Выбрать главу

Встал вопрос о праве германских подданных на судебную защиту. Это право было прямо оговорено в Гаагской конвенции о законах сухопутной войны 1907 г., и лишение их судебной защиты в России являлось, таким образом, явным нарушением международного права. Когда Сазонов спросил моё мнение по этому вопросу ещё в 1915 г., то я сказал ему, что неправомерность лишения неприятельских подданных судебной защиты неоспорима, но вместе с тем я привёл ему все постановления германского военного законодательства касательно права обращения в суд неприятельских подданных, которые фактически совершенно аннулировали их судебную защиту. Далее я сказал, что если Германия прибегнет к репрессалиям в этой области, для нас это не страшно, так как наши подданные в Германии при настоящих условиях лишены возможности обращения в германский суд. Оставалось, таким образом, принять в расчёт только декларативную сторону и неблагоприятное впечатление, которое произведёт такое правонарушение с нашей стороны на нейтральные государства.

Когда Сазонов убедился, что германский режим ничем не отличается от предположенного официального лишения германских подданных судебной защиты в России, он совсем перестал этим интересоваться, считая этот вопрос исключительно юридическим, и снял свои возражения. Этот мой разговор с Сазоновым имел место летом 1915 г., когда я замещал Нольде. Последний, однако, стоял на той точке зрения, что лишение немцев судебной защиты создаст затруднения для будущих русско-германских отношений. Это было основное противоречие во взглядах на задачи войны между Нольде и мной, и Сазонов, как Нольде его ни убеждал, остался пассивным. Дело было решено окончательно в Сенате.

Накануне «Новое время», занимавшее германофобскую позицию, опубликовало списки сенаторов с германскими фамилиями. Таких было огромное количество, и эффект этой публикации был тот, что Сенат подавляющим большинством высказался за лишение германских подданных судебной защиты. Нольде был сильно разочарован этим решением. Хотя он не мог не знать фактического положения русских в Германии в это время, он часто после этого говорил, что «неполитично сжигать за собой мосты» и что «когда-нибудь да кончится война и надо будет снова налаживать отношения с Германией».
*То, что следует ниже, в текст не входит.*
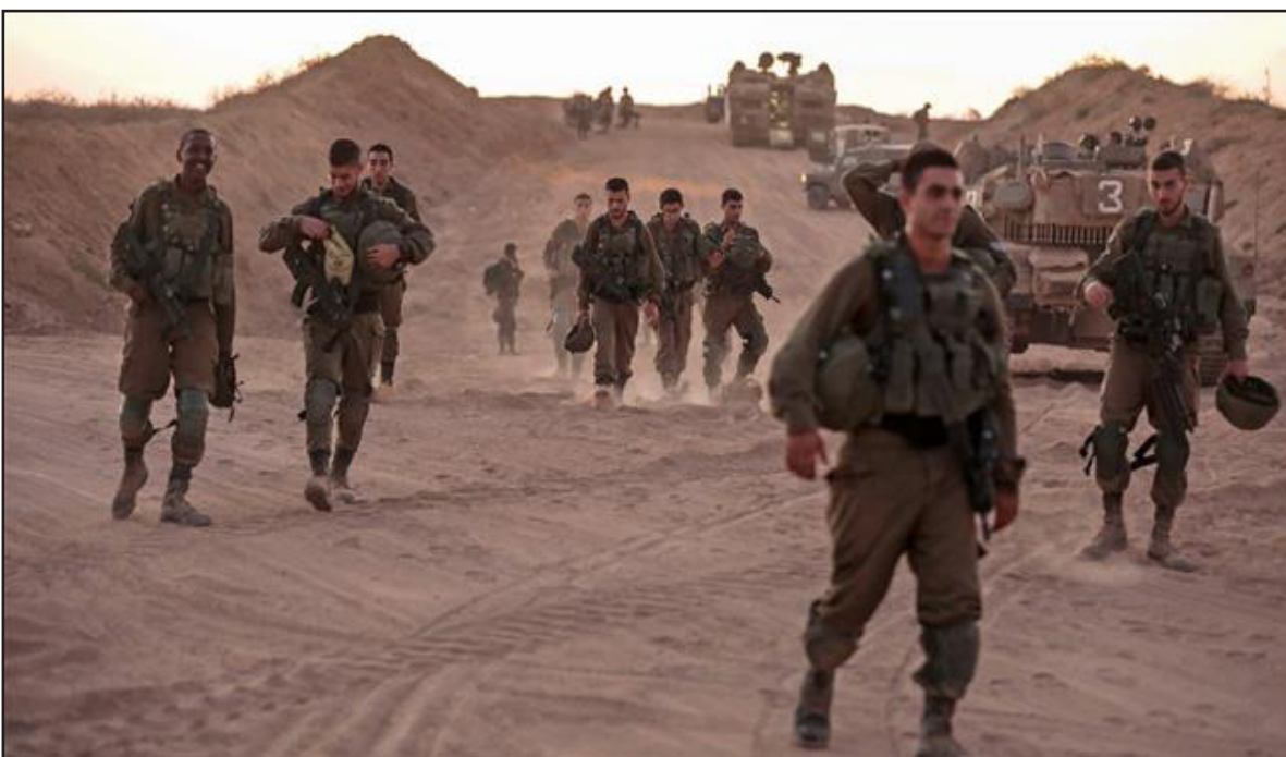
Zionist infantry troopers walk next to tanks and armored personnel carriers near the Gaza Strip, on August 16, 2020.

WEST BANK (Dispatches) – The Zionist regime's army chief Aviv Kochavi said on Wednesday that the espionage officer who died in military prison was about to compromise "a big secret," and that he was stopped "at the last minute."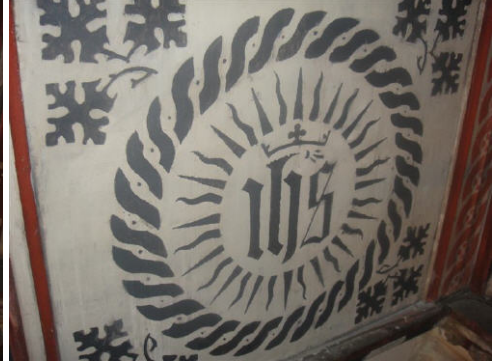
Another ceiling panel before......and.....after restoration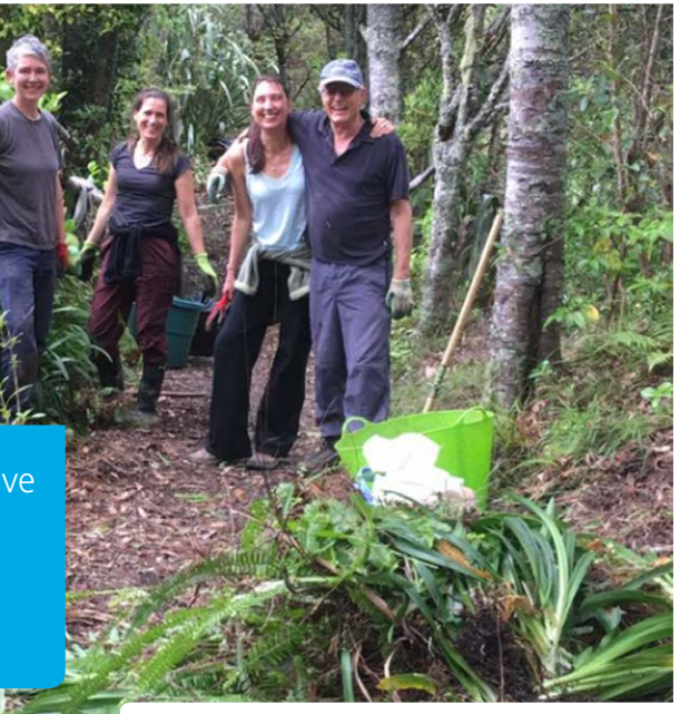
Members of the South Titirangi Neighbourhood Network tackling pests and weeds across South Titirangi

"We are already seeing great results, especially among our bird population. Kaka sightings are up and fantail numbers have increased. As well as recent sightings of tomtits, we are looking after grey-faced petrels nesting."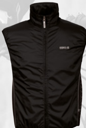
Schwarz 6170 - 0008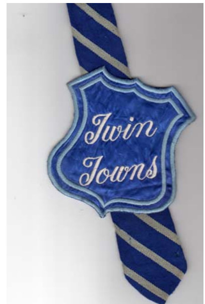
Original tie and badge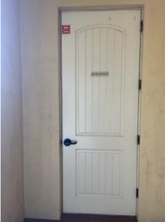
North Electrical Room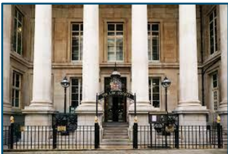
Photo: The Law Society, 113 Chancery Lane, London, WC2A 1PL, main visitor entrance

Enquiry line: +44 (0) 20 7242 1222 - available 9am-5pm Monday to Friday (excluding bank holidays)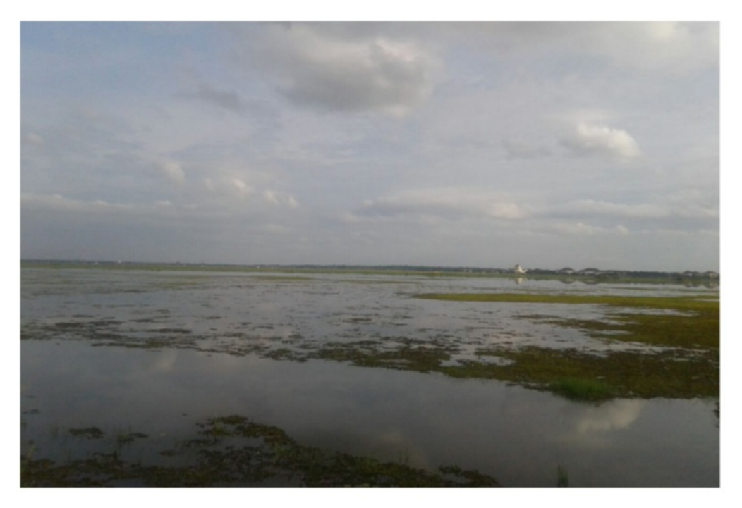
Figure 5. Condition of buffalo habitat in Indralaya district.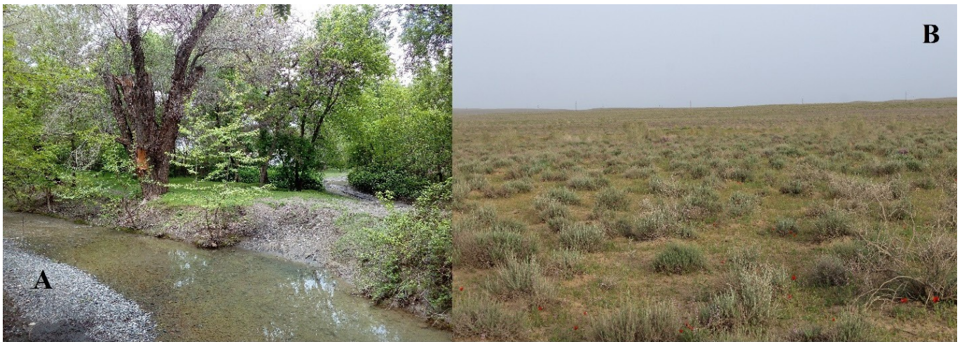
Figure 2. Plain landscapes adjacent West part of Zarafshan ridge (A - Tugai forests in Zarafshan national park (h=700 m); B - Kyzylkum desert (h=300 m).

33. HL - Tajikistan, Sogd region, Khazorchashma lake, 39°5'47.1 N 67°51'1 E, h=2430 m.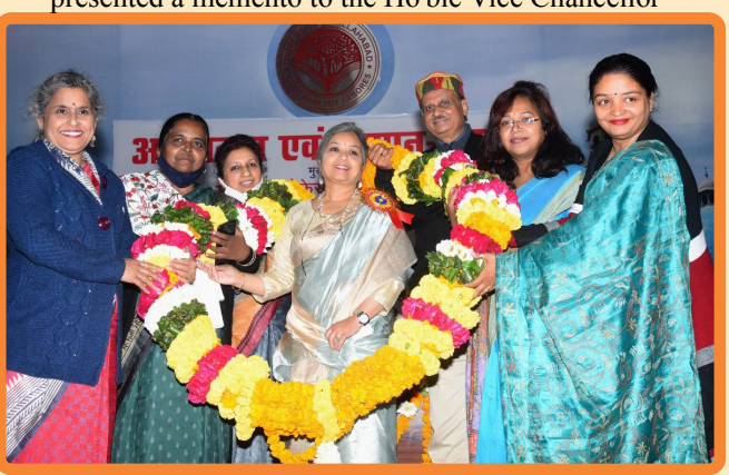
The female faculty felicitated the Hon'ble Vice Chancellor with a special Garland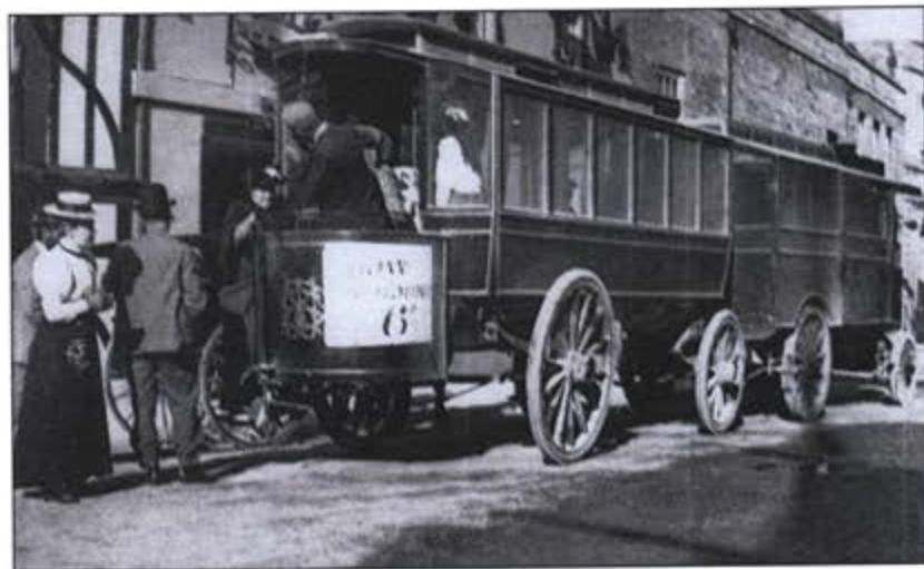
The Motor Train which worked a route between Cirencester and Fairford. Parcels were carried in the front and passengers travelled in the rear.

tested in East Cowes. York Avenue would have provided the hill and perhaps Clarence Road was the good flat straight road! Mr. House regretted that a move to the mainland would have an effect on the working classes of East Cowes - 200 of whom were employed in the works.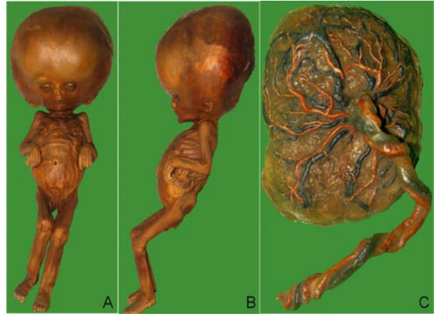
Figure 4A,B: This is a hydrocephalus in a 1 year old female infant, the body was embedded in paraffin. Preparation was made in 1948.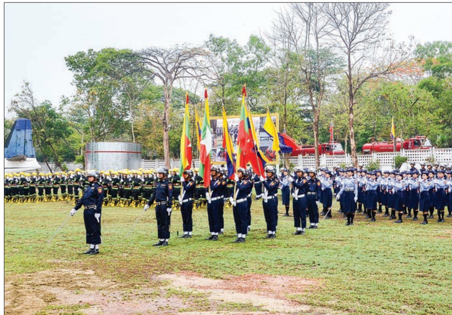
Union Minister Lt-Gen Kyaw Swe gives salute to the fire brigade yesterday at the 73 rd anniversary of the Fire Brigade Day.

MYANMAR Fire Services Department must enhance its prowess to stand shoulder to shoulder with its international counterparts, said Union Minister for Home Affairs Lt-Gen Kyaw Swe at its 73 rd anniversary yesterday.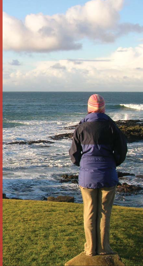
retiree health benefits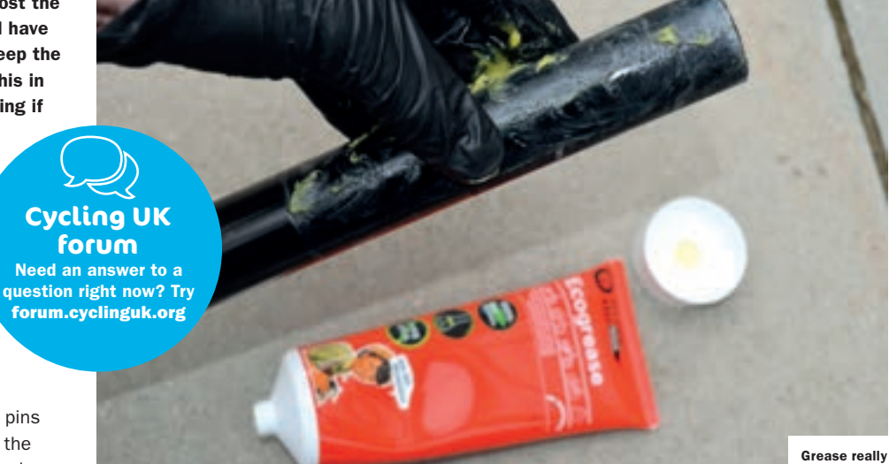
is the word

The manufacturer's stated torque figure for the clamp screw should be respected, as exceeding it may strip the thread or shear the screw. Torque settings are common on the lightweight fasteners used on some of today's high-performance components. As your recollection of what 7Nm feels like was slightly low – subsequent increases apparently failed to strip or shear anything – then consider using a suitable torque wrench to ensure correct assembly. Richard Hallett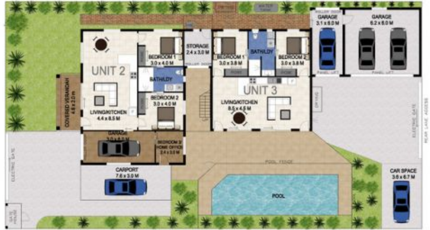
LOWER LEVEL UNITS 2 & 3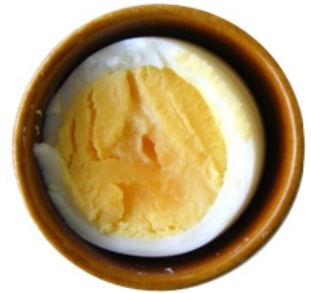
Hard boiled eggs need 8 minutes simmering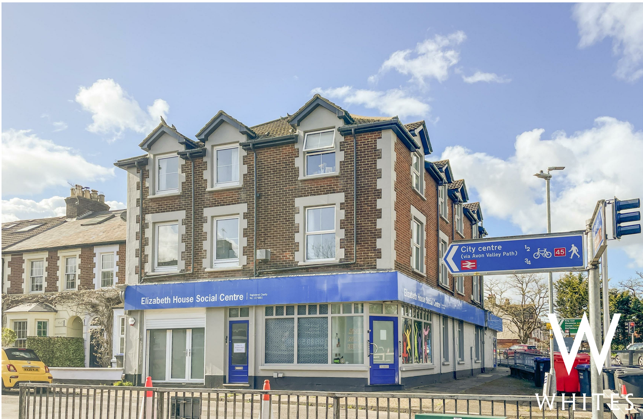
Flat 3, Nelson House 1a Nelson Road, Salisbury, Wiltshire, SP1 3LT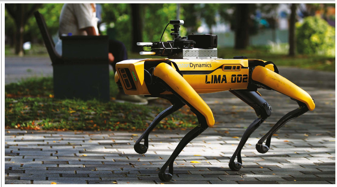
A robot dog reminds park users in Singapore to stay apart.

infection in an outdoor stadium versus gyms, hair salons and theatres. Such knowledge is rapidly evolving for SARS-CoV-2. Where there are gaps, information on other viral diseases with similar transmission modes (such as rubella, SARS, pertussis, smallpox and influenza) can inform preliminary strategies.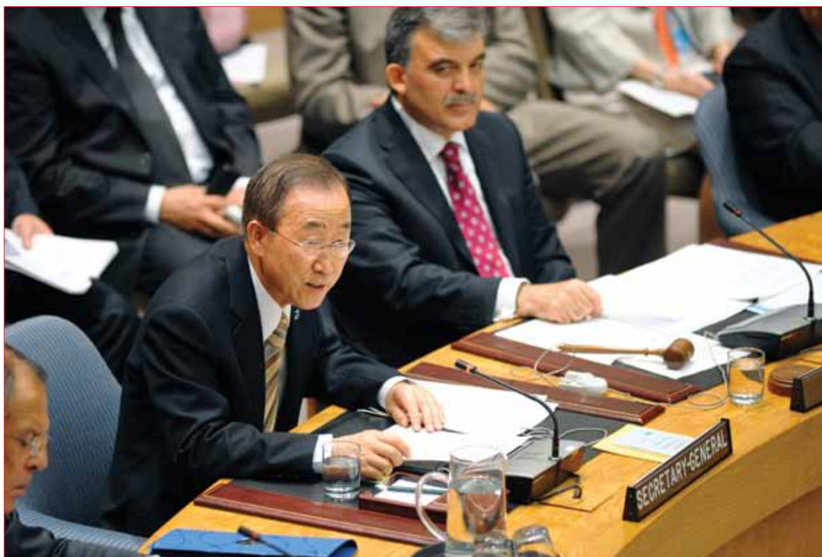
The Secretary-General briefing the Security Council.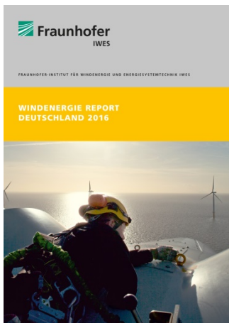
Figure 3: Cover photo for Germany Wind Energy Report 2016. Only available in German. [©Fraunhofer IWES, publication free of charge, copy requested]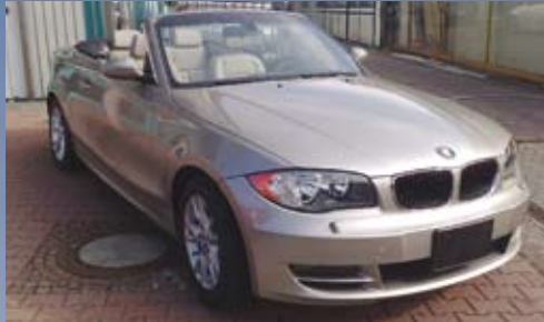
2009 BMW 128i Convertible (VJ74324)

Cashmere Silver metallic, Beige Boston Leather, Gray Poplar wood trim, Steptronic Automatic, Taupe soft top, Premium Package, Cold Weather Package, Comfort Access, I POD Adapter (without cable), Navigation, Park Distance Control, etc.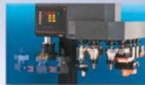
16 支刀換刀系統 16 Tool changer system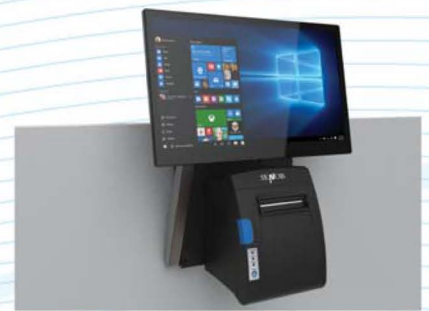
Wall Mount with Printer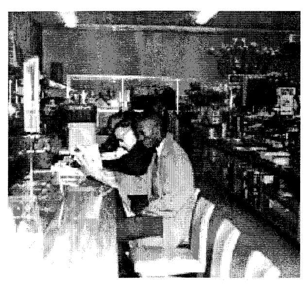
Sit-in at Woolworth's 1959

Kress's, Walgreen's and Burdine's.<sup>4</sup> These public actions were highly visible, intended for the reporter's camera, yet also specific. Each location in the modern city had to be negotiated independently. Each was a separate entity with particular issues.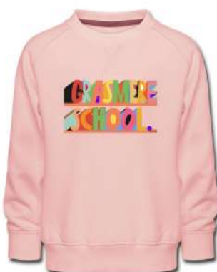
Made to Order Kids Crewneck Sweater (3-14)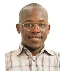
(+ Corresponding author)

6 International Crops Research Institute for Semi-Arid Tropics, Hyderabad, India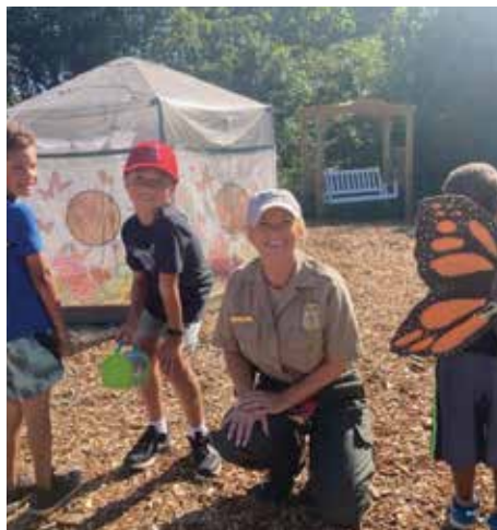
Parks and Trails, pg 32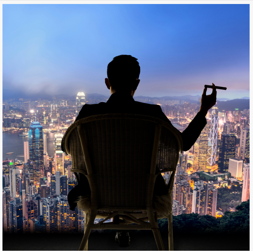
A man of power gazes over Hong Kong, an international economic powerhouse.

Due out in March, a pre-publication discount is offered only on the publisher's website. Offer Expires 3/4/23.

Укажу при этом, что германофобская кампания «Нового времени» была в этот момент настолько сильна, что Нольде обратился ко мне с конфиденциальной просьбой о том, чтобы я стал инициатором письменного протеста в газеты от группы чиновников МИД с русскими фамилиями касательно лояльности остальных чиновников, с иностранными фамилиями, которых в министерстве было большинство. Я, конечно, выразил своё согласие, хотя и был крайне удивлён этим предложением. Но вечером того же дня Нольде просил меня прекратить все шаги в этом направлении, так как Сазонов сказал, что считает совершенно недопустимым, чтобы одна часть министерства защищала публично другую часть. Он считал это «деморализацией ведомства». Излишне говорить, какое тяжёлое впечатление произвело бы это выступление за границей, и хотя мне невозможно было в силу моих дружеских отношений с Нольде отказаться от этого предложения, в особенности ввиду слов Нольде, сказанных шутливо, но всё же сказанных им: «…чтобы общество поверило, что мы не изменники», или вообще отговорить его от этого предприятия, но в душе я был очень рад отрицательному решению Сазонова.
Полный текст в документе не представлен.